I woke quite early again today and having convinced myself that the pullet and hen loss was from raccoons going after the birds that wouldn’t coop up at night, and given that most of today was going to be spent in close proximity to the coops, I let the chickens out, removed their food and water from their coops to the outside, and added new straw to give them clean bedding.
Grandson was awakened, fed, and transported to the bus, granddaughter was awakened, fed, and transported to her preschool Open House to reunite with some friends and make some new ones. Once home, the tractor was driven out and the mowing commenced. I tackled the thick tall grass that we consider our lawn and even with the tractor and brush hog, it was a challenge in some places. I will have to go back over it in a couple of days to hopefully break up and disperse the clumps that formed. Once I finished with that part, Jim took the tractor to the far hay field and began down there. I had left him only about a quarter tank of diesel and told him, I was going to get some fuel and something to prepare for dinner. Granddaughter and I got back up the mountain with just a few minutes before the afternoon school bus was due, so we waited. Jim called to tell me he had run out of fuel before I got there and when he got back to the house on foot, he heard a ruckus in the chicken pen. I was wrong about my predator. It was a large hawk and it had my last pullet that I had put in the hen coop. That means that I have lost all of my replacement hens and two older hens this summer. I cooped them and the culls back up and I have to do something to prevent the opportunistic hawk from feeding in my chicken runs. We live in the midst of 30 acres of woods and hay fields ripe with rabbits, squirrels, small birds, snakes, mice, voles, etc. but the hawk has found a food source that doesn’t require hunting and has a convenient large nut tree nearby to escape to.

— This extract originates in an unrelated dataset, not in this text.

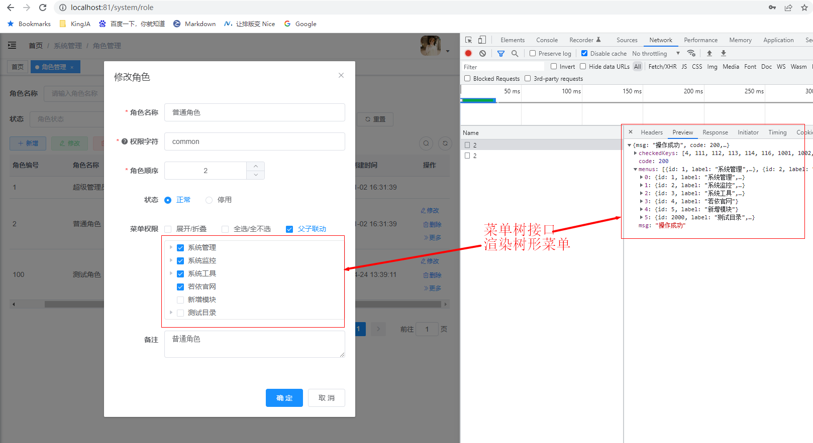 1个是:http://localhost:81/dev-api/system/menu/roleMenuTreeselect/2获取菜单树

Between us, we got about a quarter of the grass and fields mowed today with nice days due the rest of the week, so maybe we will get it finished. Neighbors are mowing and some are second cut haying now also.
I didn’t get any harvest done today, nor did I figure out how I am going to protect the remaining chickens. My run fences are 4 feet tall. If I cover them, I can’t get in to change water, open the pop door, or close them up at night without duck walking under a 4 foot high net. To raise the fence height to 6 feet tall, even if I cut the run size in half, will require taking down existing fencing, pulling up T posts, and starting over with 7 foot posts, new fence wire and then netting or tarping the top. That would require another major investment in funds on top of the purchased coop, existing fencing, and labor building the two reclaimed coops, all for a handful of laying hens and a few meat chickens. So far, I have no sound ideas on how to create a tunnel fastened to the existing posts that would raise the cover without starting over. Perhaps the existing T posts can support cattle panels bent to an arch then draped with netting, but still an expense.
It is too hot to keep the laying coop closed up all day for days on end. I will lose them to illness or heat if I have to do that.
Tomorrow, there is no preschool, so maybe I can get some garden work done while Jim finishes the far field. And maybe after sleeping on it, I will come up with at least a temporary inexpensive solution to protecting my laying hens and meat culls. Life and death on a farm is expected, but I am getting very frustrated with my inability to keep my chickens safe.